>>>
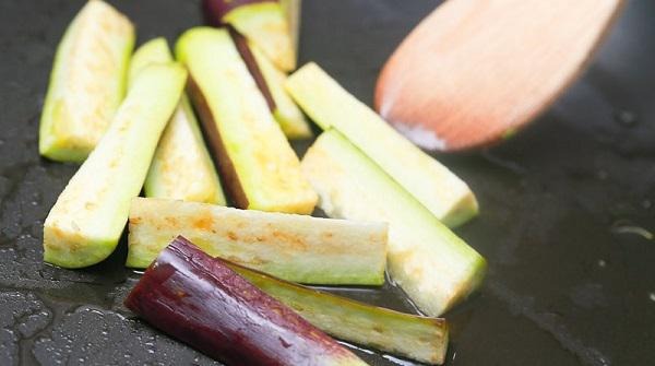 - Bước 3: Cho cà tím vào chảo dầu và chiên cho đến khi phần lõi thịt cà tím hơi vàng. Sau khi chiên, vớt cà ra để cho ráo dầu.
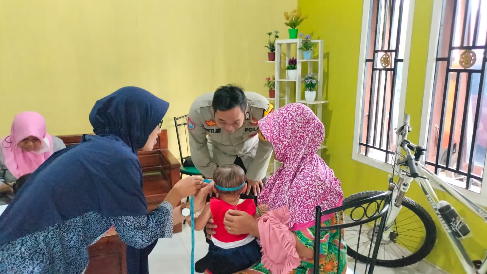 Bhabinkamtibmas Polsek Gemuh Bripka Mukti Wijayanto melakukan pemantauan sekaligus pengamanan pada kegiatan Posyandu Balita dan pembagian makanan bergizi untuk balita tersebut sehingga kegiatan dapat terlaksana dengan aman, tertib, dan lancar.
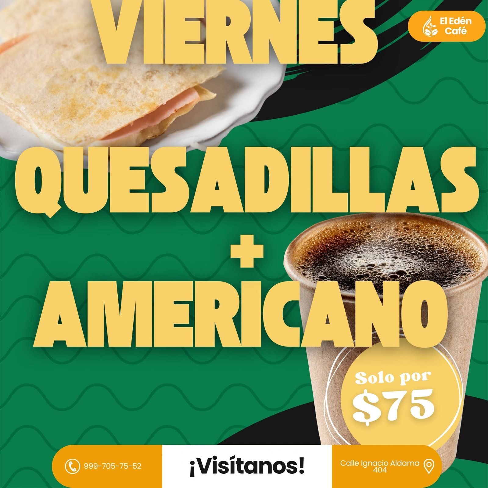 Villahermosa, Tabasco.-Como todos los viernes en el Edén Café, haya promociones de quesadillas, más un americano, por tan solo 75…
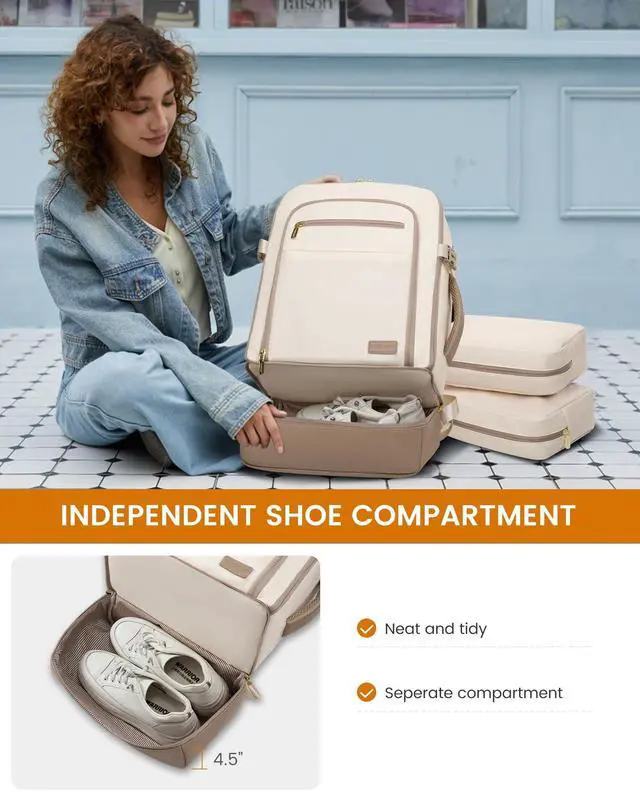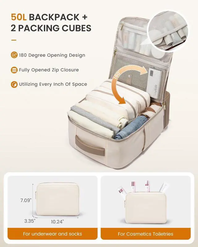 INDEPENDENT SHOE COMPARTMENT & 2 FREE PACKING CUBESThis carry on backpack for women comes with 2 packing cubes to store your underwear or toiletries. Separate flat bottom compartment of this travel bags for women can hold your shoes or dirty clothes for easy separation from clean clothes when traveling. Ideal for travel, business trips, or daily use. ^^ LARGE BACKPACK WITH MULTIPLE POCKETS This 50L travel backpack easily fits 3-7 days' worth of travel essentials. It features multiple compartments, including quick-access document pockets, a hidden theft-proof pocket, and a suitcase-style 180 opening main compartment that holds 5-10 sets of summer clothes, complete with two storage bags for organization.
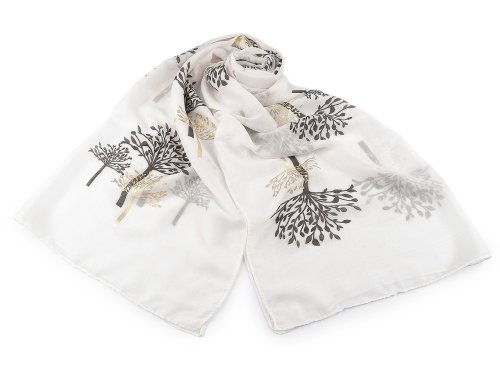 Šatka s potlačou vetvičiek je veľmi príjemná na dotyk, je vzdušná a ľahká. Niektoré vetvičky sú zvýraznené zlatou metalickou farbou. Šatka bude elegantným doplnkom pre každú príležitosť, doladí váš outfit, či už si vezmete sako, blúzku, svetrík alebo šaty. Hodí sa k formálnym aj neformálnym outfitom, môžete ho ľahko kombinovať s vašim šatníkom. Šatky môžu mať zlé štítky, skutočné zloženie je polyester.
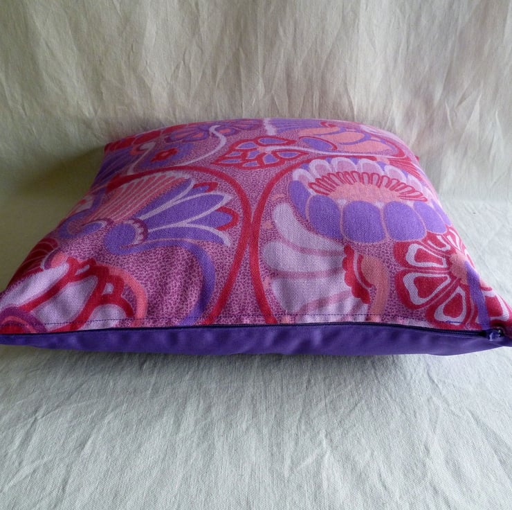 This cushion cover is made from a piece of unused vintage fabric called "Airs and Graces" designed by Jenny Ayres for Moygashel and features an vibrant design in shades of pink and purple and dates from the 1960 or early 1970s. The back of the cushion cover is made from plain purple cotton twill and the cover fastens with a zip at the bottom. The cover is made to a high standard and all internal seams are overlocked for strength.
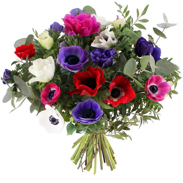Bouquet composé de 25 tiges d'anémones de couleur variées, 3 tiges de pistacia et 4/5 tiges eucalyptus. Les fleurs qui composent ce bouquet sont de production Française et possèdent le label Fleurs de France.
<<<
### TASK ITEM
When repeating the listing, keep each line exact and exclude the pictures.

### EXERCISE ANSWER
 - Bước 3: Cho cà tím vào chảo dầu và chiên cho đến khi phần lõi thịt cà tím hơi vàng. Sau khi chiên, vớt cà ra để cho ráo dầu.
 Bhabinkamtibmas Polsek Gemuh Bripka Mukti Wijayanto melakukan pemantauan sekaligus pengamanan pada kegiatan Posyandu Balita dan pembagian makanan bergizi untuk balita tersebut sehingga kegiatan dapat terlaksana dengan aman, tertib, dan lancar.
 Villahermosa, Tabasco.-Como todos los viernes en el Edén Café, haya promociones de quesadillas, más un americano, por tan solo 75…
 INDEPENDENT SHOE COMPARTMENT & 2 FREE PACKING CUBESThis carry on backpack for women comes with 2 packing cubes to store your underwear or toiletries. Separate flat bottom compartment of this travel bags for women can hold your shoes or dirty clothes for easy separation from clean clothes when traveling. Ideal for travel, business trips, or daily use. ^^ LARGE BACKPACK WITH MULTIPLE POCKETS This 50L travel backpack easily fits 3-7 days' worth of travel essentials. It features multiple compartments, including quick-access document pockets, a hidden theft-proof pocket, and a suitcase-style 180 opening main compartment that holds 5-10 sets of summer clothes, complete with two storage bags for organization.
 Šatka s potlačou vetvičiek je veľmi príjemná na dotyk, je vzdušná a ľahká. Niektoré vetvičky sú zvýraznené zlatou metalickou farbou. Šatka bude elegantným doplnkom pre každú príležitosť, doladí váš outfit, či už si vezmete sako, blúzku, svetrík alebo šaty. Hodí sa k formálnym aj neformálnym outfitom, môžete ho ľahko kombinovať s vašim šatníkom. Šatky môžu mať zlé štítky, skutočné zloženie je polyester.
 This cushion cover is made from a piece of unused vintage fabric called "Airs and Graces" designed by Jenny Ayres for Moygashel and features an vibrant design in shades of pink and purple and dates from the 1960 or early 1970s. The back of the cushion cover is made from plain purple cotton twill and the cover fastens with a zip at the bottom. The cover is made to a high standard and all internal seams are overlocked for strength.
Bouquet composé de 25 tiges d'anémones de couleur variées, 3 tiges de pistacia et 4/5 tiges eucalyptus. Les fleurs qui composent ce bouquet sont de production Française et possèdent le label Fleurs de France.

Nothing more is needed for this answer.